Efficiency diagram - Githubissues

weidenka commented 5 years ago

Hi, I would like to produce a Graph/Histogram similar to ROOT's TEfficiency. So I have two data samples var_total and var_pass. I thought one could probably use the cut axis but I didn't succeed. Furthermore, a correct error estimate (e.g. binomial errors) would be necessary. Any idea how to do this using histbook?

weidenka commented 5 years ago

Ok here is my current solution:

pt = 1*np.random.randn(n) + 5
ps = np.random.randint(0,2,n)
e = Hist(bin('pt', 50, 0, 10), profile('eff'))
e.fill(pt=pt, eff=ps)
beside(e.step('pt'), e.marker("pt", "eff")).to(canvas)

Still I have to problem, that the errors are not binomial.

jpivarski commented 5 years ago

If the pass and total are coming from two different sources, then no, you can't use a cut axis. I hadn't realized that this is a use-case because from two sources you can't as easily control for accidentally lost events. The different axes guarantee that numerator and denominator have the same normalization— if they're in two different sources, you have to take care to avoid loses in whatever system is producing the two sources.

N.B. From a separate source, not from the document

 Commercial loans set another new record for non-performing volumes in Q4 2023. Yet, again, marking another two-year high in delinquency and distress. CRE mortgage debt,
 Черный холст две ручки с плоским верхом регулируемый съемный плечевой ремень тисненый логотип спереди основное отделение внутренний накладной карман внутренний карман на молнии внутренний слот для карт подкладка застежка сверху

But okay, supposing you've done that, now what?

There are two techniques for merging pre-filled histograms from different sources; neither of which will help you in your particular case. One (group) turns the sources into categories in a categorical axis, while the other allows you to mask out whole histograms (which are additive, not axes, which are multiplicative) during filling. Neither of these help.

I am working on another iteration of histogram API right now, so it's good for me to know that there are uses like this that need to be made possible, but that doesn't help you right now.

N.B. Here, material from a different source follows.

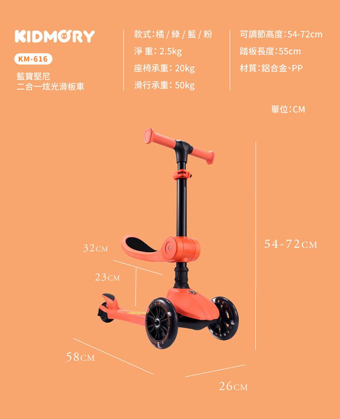 品名:藍寶堅尼二合一炫光滑板車 KM-616
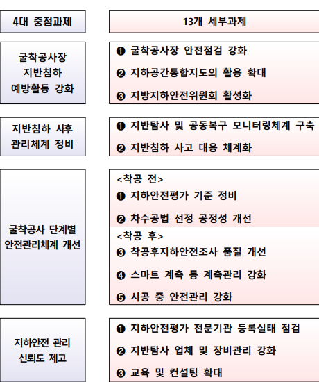 구체적으로 ▷굴착공사장 지반침하 예방활동 강화 ▷지반침하 사후관리체계 정비 ▷굴착공사 단계별 안전관리체계 개선 ▷지하안전관리 신뢰도 제고 등 4대 중점과제 및 13개 세부과제가 담겼다.

Do you know about Physt? After writing histbook, I learned about more histogram tools in this ecosystem and have turned toward writing connectors to use them all together. Physt might have something that will help.

At worst, here's a hack: introduce a dummy variable q and define a cut axis that cuts on q (that's the full expression; it will be a boolean variable). You have a numerator source and a denominator source. First fill with the denominator source and q=numpy.zeros(length, bool) and weight=1. Since all of these q are false, they'll fill only the denominator. Now fill with the numerator source and q=numpy.ones(length, bool) and weight=1, which fills both the histogram's numerator and denominator with your numerator source. The denominator is double-filled with your numerator events, so fill with numerator again, but with q=numpy.zeros(length, bool) and weight=-1. This will remove the double-counted numerator sample from the histogram's denominator but not from the histogram's numerator.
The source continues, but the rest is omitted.